Jones, 37, has been a business journalist his entire adult life, but throughout the ’90s he was also a musician and engineer in D.C.’s indie-rock scene. He worked on several recordings—1994’s The Pink Album by local twee-pop band Tuscadero was among the best-known ones—and toured with Eggs as a conga player. Later he was the frontman of Bombardier Jones and put out records on his own label, Sun King Records. But his 2003 relocation to Charm City put a strain on his hobby. “When I moved to Baltimore I didn’t have anybody to play with,” says Jones. “I was just kind of figuring out the next thing to do.”

Enter Claudius “Kingman” Linton, 65, a Jamaican reggae singer. Linton has been a musician ever since he was a teenager, when he ran away from the sugar plantation where he was raised and wound up on the streets of Kingston’s impoverished Trenchtown district. During the ’70s he hung out with Peter Tosh and Bob Marley, and he released some popular singles with a vocal group called the Hoffner Brothers. In 1976, after parting ways with his old group, he scored a No. 1 hit on the Jamaican charts with a solo single, “Crying Time.” During the ’80s, though, roots reggae stopped getting much airplay in Jamaica, and the bottom dropped out of Linton’s music career. He moved to Negril and raised his family, playing in pickup groups on the beaches and around town.

One day in March 2006, Linton was on the beach in Negril just as Jones’ change in latitude was failing to produce the promised change in attitude. On the second-to-last day of his trip, Jones was alone and bummed out. “I went to the beach by myself,” he says. “When you’re walking along the beach there’s a lot of hustling going on, and I didn’t find it to be very relaxing. I decided to go home. I was about 10 steps from leaving the beach when these two old Rastas approached me with a guitar.”

Linton admits that he was messing with Jones at first. “I see this gentleman coming down,” says Linton, speaking by phone from Negril. “I stretch out my guitar and say, ‘Hey man, can you tune this guitar for me?’ It’s a joke, but he took it.”

“I sat down with him and tuned the guitar,” says Jones. “Then he started singing an old Sam Cooke tune. Then I started to play some lead, and he got really excited. We sat on the beach for a few hours and played, and he told me that he was from Trenchtown and that he knew Peter Tosh and Bob Marley.”

Of course, if you’re on a beach full of Jamaican hustlers and some guy tells you that he was tight with the original soul rebel—well, you’d be a little suspicious. But Jones’ curiosity was piqued. When he returned to the hotel he mentioned Linton to a security guard, who backed up the story. Later that evening Jones met with Linton again, and the singer proposed that they cut a record. “He told me, ‘Tomorrow I want to go into the recording studio,’” says Jones. “He told me that he had been working on some tracks, and he wanted me to sing harmony on them.” Jones was initially cautious—he didn’t want to get hustled and wind up face-down at the bottom of Dunns River Falls—but playing music with Linton had been the sole enjoyable aspect of his weeklong vacation. He agreed to go along.

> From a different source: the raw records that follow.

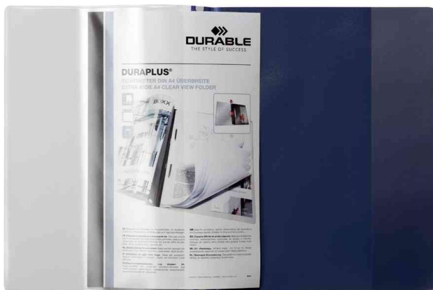
Schnellhefter DURAPLUS®, offen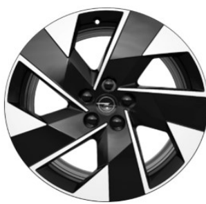
DZHL8 / DMI39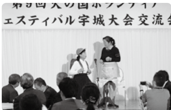
ボランティアフェスティバル交流会

劇団うきうきは身近な福祉問題を題材として劇を演じるボランティアグループです。演劇やボランティアに興味のある方はお気軽にご連絡ください。

They wound up at a shack in nearby Lucea called the House of Black, where they recorded two songs in a converted broom closet with an engineer named Brains. Once Jones returned to Baltimore, he overdubbed some other instruments, mixed the songs, and mailed the finished tracks to Linton, who was delighted with the music. “The Jamaicans were very surprised,” says Jones. “When I put on the bass line, they were amazed that an American knew how to put down a reggae bass line.”

They were right to be surprised, not just because Jones was an American, but because Jones didn’t really follow reggae. In fact, much of his prior musical output owes a sizable debt to They Might Be Giants. “I don’t have a huge background in [reggae],” he says. “I’m a fan but not a fanatic.” But Jones was probably the world’s No. 1 Claudius Linton fan, and Linton reciprocated that admiration. “He had presence, that spiritual connection,” says Linton. “This man has released energy, which I for a long time was locked up and put down. He released energy in me so I can stand up strong.”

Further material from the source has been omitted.